╭─ Records for the task

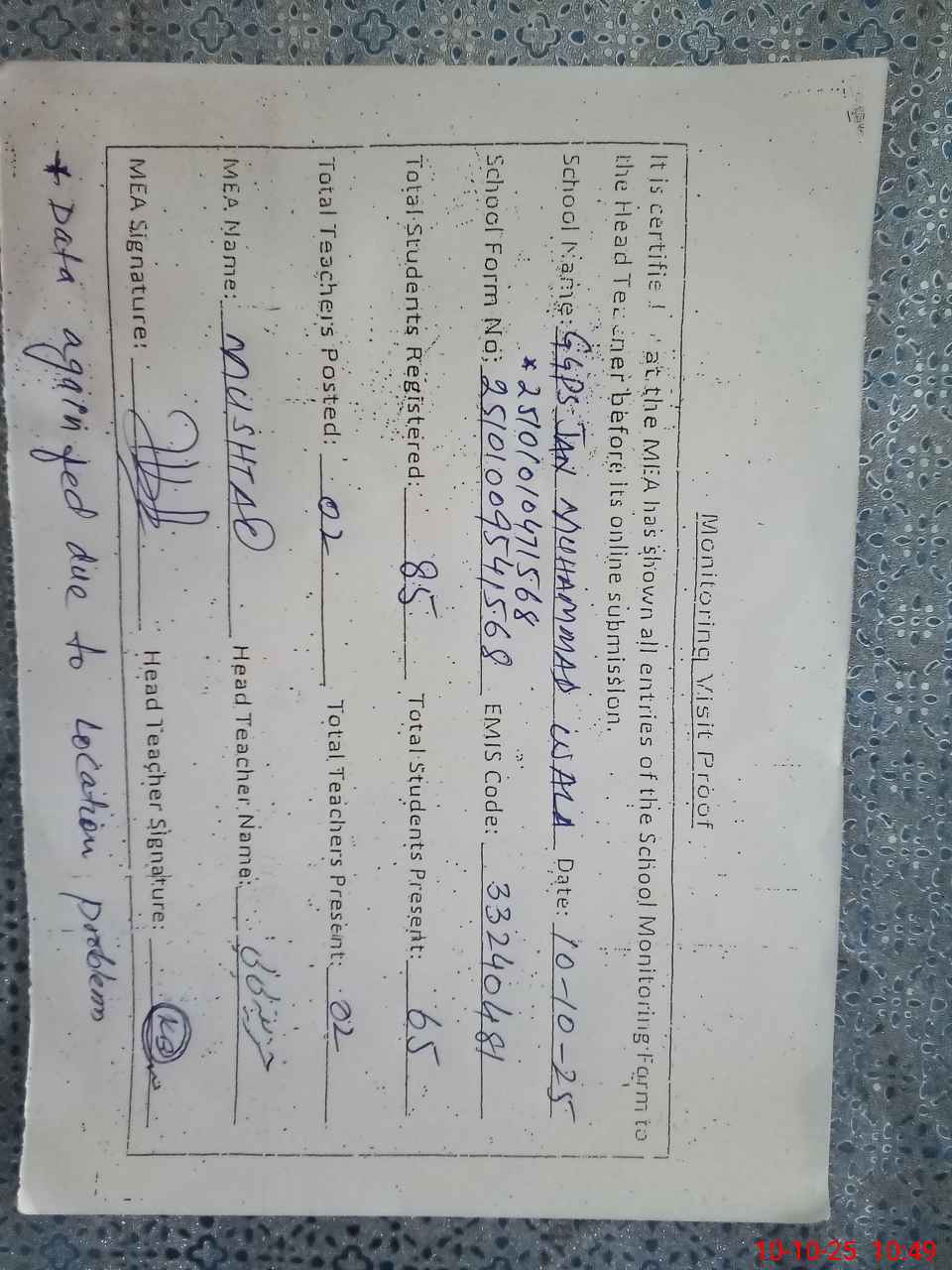 | Certified that this School was Inspected by the Undersigned MEA/DMO Today and the Information Stated Above is as Per Record. | |||||
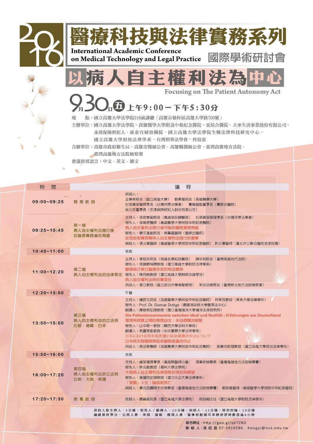 2016醫療科技與法律實務系列國際學術研討會 |
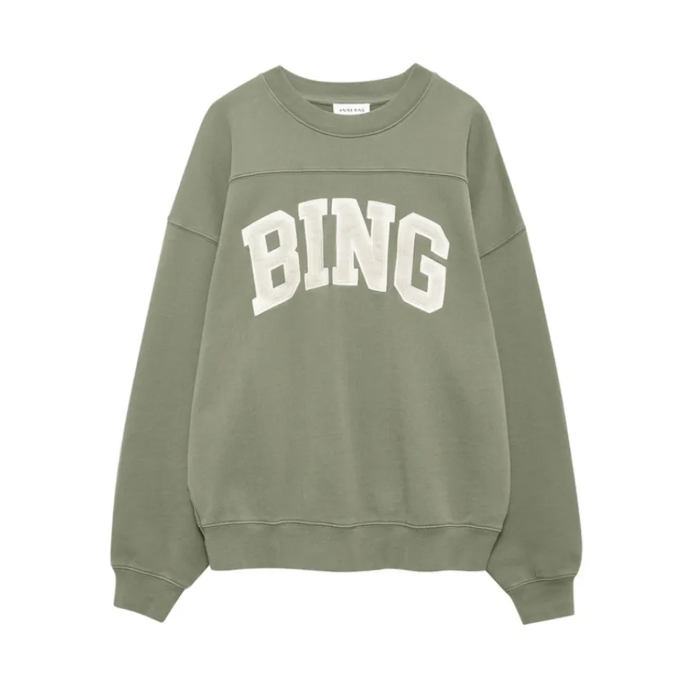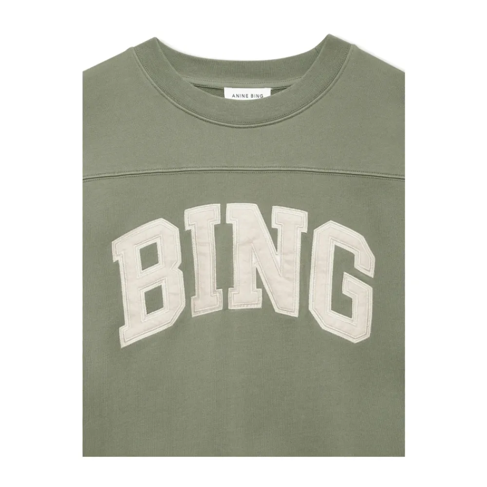 Anine Bing Appliqué Crew Neck Sweatshirt har en vasket applikationsdetalje og en klassisk crew-udskæring, designet til afslappet hverdags lag-på-lag. Nøgleattributter: Grøn | Vasket applikationsdetalje | Rund hals | Ribkant forneden | Ribkanter ved ærmerne
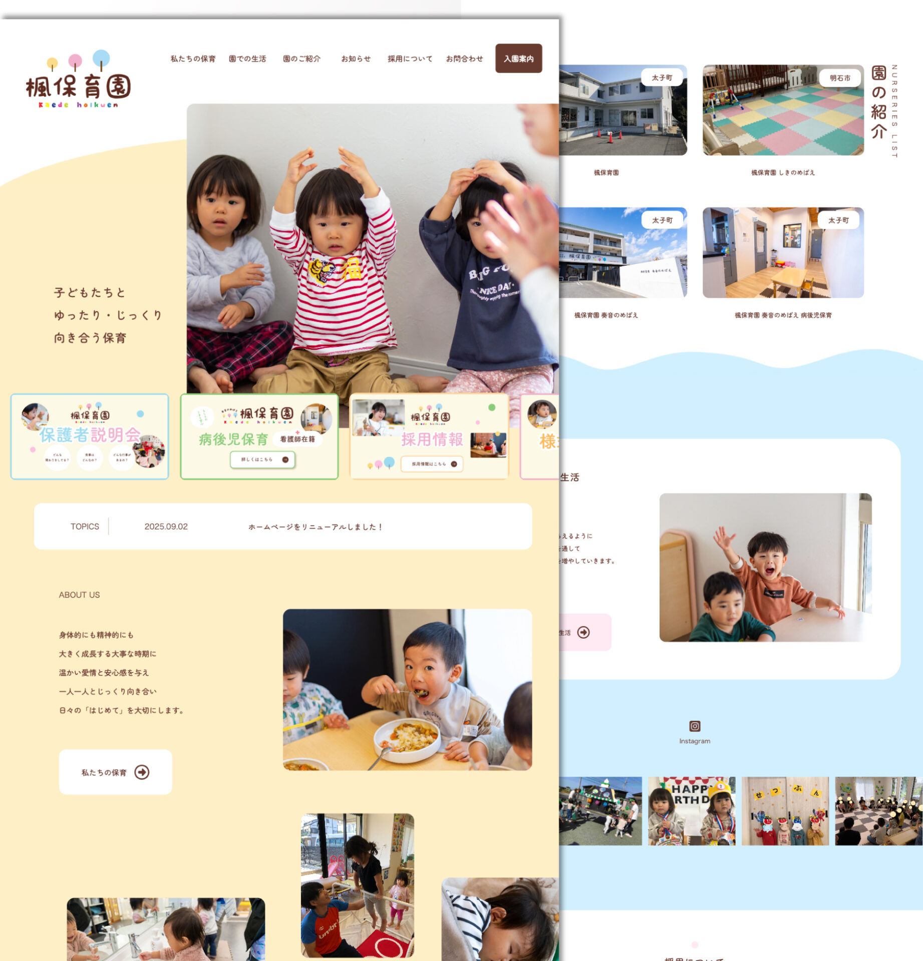 楓保育園様のロゴにある色をHP内にも使用し、「ゆったり」とした雰囲気になるよう円形や角丸を採用しています。
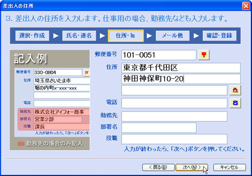番地を入力し、[次へ(N)>]ボタンをクリックします。![]() |
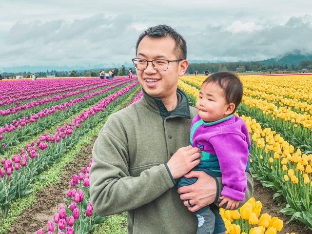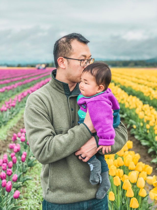 Iโd never been to see the Skagit Valley tulips before, and we thought this would be a good year to go so we could take more baby photos. For those of you who donโt live in the Seattle area, there are tulip fields about 1.5 hours from Seattle that bloom every spring. Tons of people go just to take photos in the fields. Itโs similar to the Carlsbad flower fields near San Diego. Theyโre nice to look at, but it sure does get crowded.
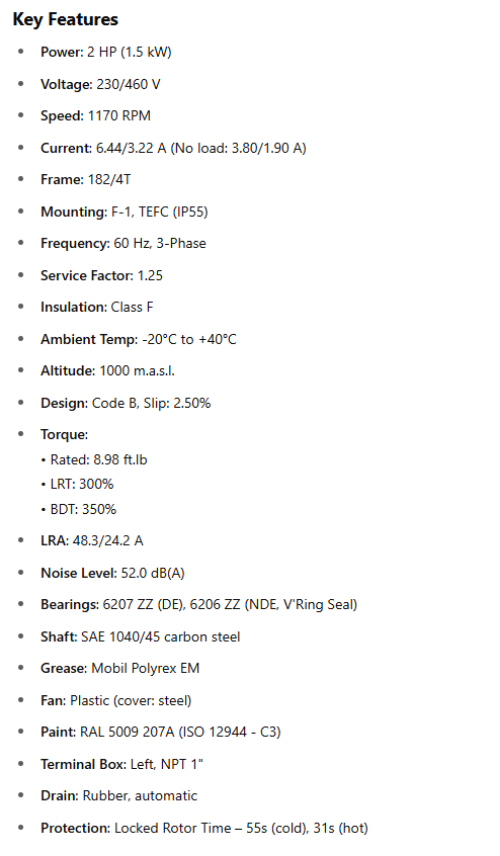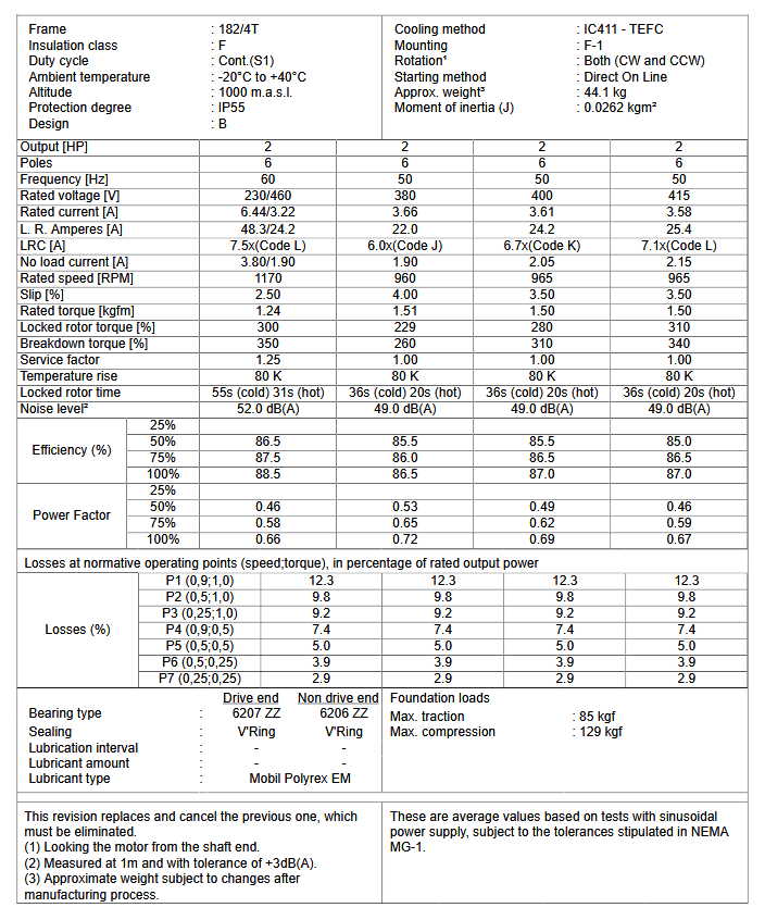 • Bearings: 6207 ZZ (DE), 6206 ZZ (NDE, V'Ring Seal)
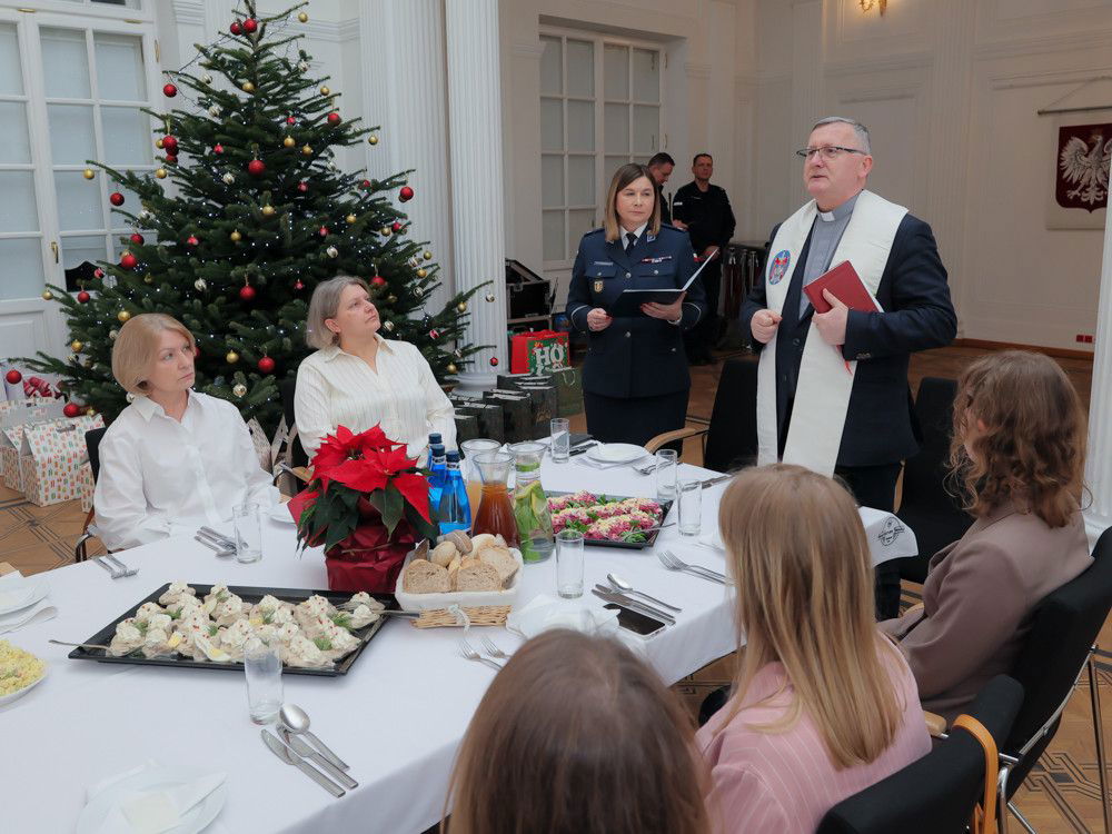 Białą Salę Komendy Stołecznej Policji wypełniły w tym roku przede wszystkim pamięć i obecność. Komendant Stołeczny Policji zaprosił wdowy, sieroty i najbliższych funkcjonariuszy, którzy odeszli na służbie, aby wspólnie podzielić się opłatkiem, wysłuchać kolęd i otrzymać drobne upominki.

╰─

#### [Your assignment]
Everything in the records that precede this task must be written out again exactly, except the pictures.

#### [Solution for this task]
 | Certified that this School was Inspected by the Undersigned MEA/DMO Today and the Information Stated Above is as Per Record. | |||||
 2016醫療科技與法律實務系列國際學術研討會 |
 Anine Bing Appliqué Crew Neck Sweatshirt har en vasket applikationsdetalje og en klassisk crew-udskæring, designet til afslappet hverdags lag-på-lag. Nøgleattributter: Grøn | Vasket applikationsdetalje | Rund hals | Ribkant forneden | Ribkanter ved ærmerne
 楓保育園様のロゴにある色をHP内にも使用し、「ゆったり」とした雰囲気になるよう円形や角丸を採用しています。
番地を入力し、[次へ(N)>]ボタンをクリックします。![]() |
 Iโd never been to see the Skagit Valley tulips before, and we thought this would be a good year to go so we could take more baby photos. For those of you who donโt live in the Seattle area, there are tulip fields about 1.5 hours from Seattle that bloom every spring. Tons of people go just to take photos in the fields. Itโs similar to the Carlsbad flower fields near San Diego. Theyโre nice to look at, but it sure does get crowded.
 • Bearings: 6207 ZZ (DE), 6206 ZZ (NDE, V'Ring Seal)
 Białą Salę Komendy Stołecznej Policji wypełniły w tym roku przede wszystkim pamięć i obecność. Komendant Stołeczny Policji zaprosił wdowy, sieroty i najbliższych funkcjonariuszy, którzy odeszli na służbie, aby wspólnie podzielić się opłatkiem, wysłuchać kolęd i otrzymać drobne upominki.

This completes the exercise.